Inverse Matrix and Function

The inverse of $A = \begin{bmatrix} a & b \\ c & d \end{bmatrix}$ is $A^{-1} = \frac{1}{ad - bc} \begin{bmatrix} d & -b \\ -c & a \end{bmatrix}$ , so $a' = \frac{d}{ad - bc}$ , $b' = \frac{-b}{ad - bc}$ , $c' = \frac{-c}{ad - bc}$ , and $d' = \frac{a}{ad - bc}$ .

Since $f(x) = \frac{ax + b}{cx + d}$ , $x = \frac{af^{-1}(x) + b}{cf^{-1}(x) + d}$ , which solves to $f^{-1}(x) = \frac{dx - b}{-cx + a}$ = $\frac{\frac{d}{ad - bc}x + \frac{-b}{ad - bc}}{\frac{-c}{ad - bc}x + \frac{a}{ad - bc}}$ .

Substituting $a'$ , $b'$ , $c'$ , and $d'$ gives $f^{-1} = \frac{a'x + b'}{c'x + d'}$ , so the statement is true .
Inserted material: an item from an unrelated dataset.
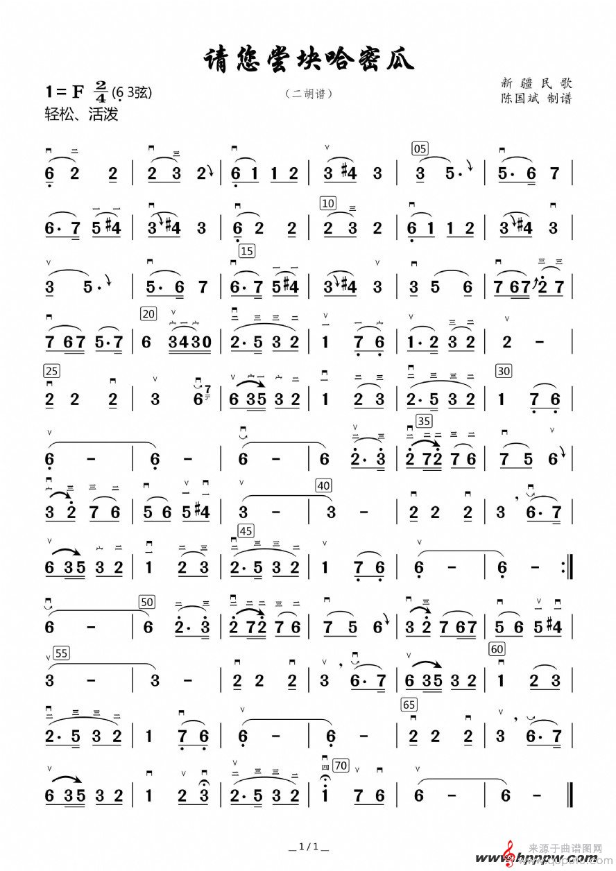 曲谱图网为您提供《请你尝块哈密瓜》二胡谱之新疆民歌找谱子,就上曲谱图网。

We have a group homomorphism $\Big( T \begin{bmatrix} a & b \\ c & d \end{bmatrix}\Big)(x)=\frac{ax+b}{cx+d}$ from $GL_2(\mathbb{R})$ to the group of linear fractional maps over $\mathbb{R}$ . Thus $(T(A))^{-1}=T(A^{-1})$ is $\boxed{True}$ .

Am I correct in suspecting that this holds for all invertible $2 \times 2$ matrices $A$ , not merely those with determinant 1 ?